FIG. 8C shows a plot 820 of a functional approximation of shift
between the data sets using a piecewise cubic hermite interpolating
polynomial function. However, this function is not as smooth as the
one produced by a cubic spline, in this example.
[0088] It is now possible to determine how many peaks were selected
from the peak-picking algorithm and then compare that number to how
many were matched to get a better measure of the similarity of the
chromatograms. For instance, when comparing two samples from one
donor (FIGS. 3-6), almost every peak that was selected for sample 1
(17 peaks total) was matched with a corresponding peak in samples 2
and 3. However, when looking at the mouse and human urine
comparison (FIGS. 8A and 8B) only 7 landmarks were identified, and
close examination revealed that those landmarks are due to the SPME
fiber compounds, and are not sample-specific compounds. Thus, the
method can identify whether the data corresponds to different
chemical/biological mixtures.
III. Autoregressive Filtering of Chromatograms
[0089] In one embodiment, an autoregressive (AR) filter is applied
to process data from a chromatogram. The AR filter relates noise to
the observed response at a given time and develops a model for the
data based on this comparison. FIG. 9 is a schematic 900 of an
autoregressive model form. The empirical waveform 904 is the
chromatogram, which is used as input to build a model chromatogram
based on white noise input 902. an error waveform 906 is calculated
based on the similarity of the calculated model to the empirical
waveform 904. the parameters a.sub.n represent the predictor
coefficients of the autoregressive model, and Z.sup.-1 at reference
908 is the transform that is iteratively performed on the data. AR
filtering may provide enhanced data resolution along with noise
reduction and data compression, as applied to GC-MS data. The AR
filter provides several benefits, including data compression and
enhanced resolution of the data, which is useful for the
deconvolution of overlapping peaks that have co-eluted.

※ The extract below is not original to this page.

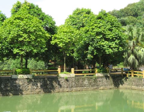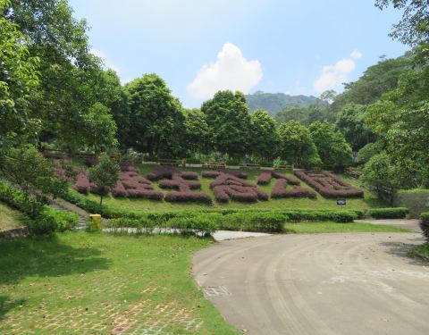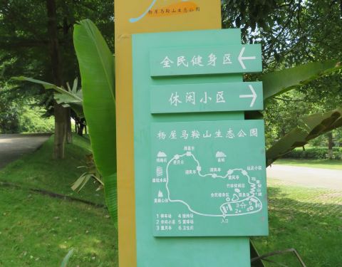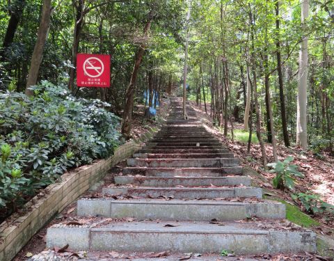 整个公园不是很大,大概有几个山头吧,最高处也就海拔200M到300M,全免费的类型,里面除了两个管理人员很少看得到人,进去之前最好在附近街上带些水及零食。进门处是停车场厕所及一些健身设施,上一个台阶有一个水池及竹林,可以休闲座座聊天避暑,有健身设施可以玩玩,然后就是登山道入口,游览图上好像是可以绕一大圈不重复回来的,但实际是沿着登山道登上顶峰插红旗处,再往前走200米有个观景台,可以看对面长安莲花山顶及大岭山附近道路街景水库等,然后必须原路返回,没找到任何岔道。中途林荫遮日,山风习习,是个避暑休闲佳地,但蚊虫特多只要停步马上就成为蚊子聚餐目标,不敢多停。周末爬爬山健身休闲确实不错。

Furthermore, AR provides a reduction in signal noise, allowing the
peaks to appear more clearly. In addition, AR modeling has a
further advantage of providing the opportunity for pattern
recognition in parameter space.
[0090] Linear prediction is used in time series analysis; the
signal is predicted from linear combinations of previous inputs and
outputs. The model built by these predictions is called the AR
model, and is also known as the all-pole model. For this model, the
predictor coefficients and the gain must be determined in some
manner, and the input is known. For example, if it is assumed that
the input is totally unknown, then a least squares method may be
used to predict the signal based on a weighted linear summation of
past samples. The error between the actual and predicted values is
calculated, and prediction coefficients are obtained by minimizing
the error.
[0091] Linear prediction can be approached from either the time or
the frequency domain. Additionally, it is possible to model
discrete spectra, those that are recorded at a finite number of
frequencies. The discrete-time data can be used to construct
continuous-time models with the application of the least squares
method.
[0092] In one embodiment, the chromatogram is considered at the
onset to be in the frequency domain, as the frequency response of
an AR filter can accurately represent narrowband peaks using
relatively low-order models. In the usual procedure for estimating
the vector of prediction coefficients, the linear system is solved
in the time domain using the correlation samples. To get the
correlation samples, the inverse Fourier transform of the
magnitude-squared chromatogram is calculated.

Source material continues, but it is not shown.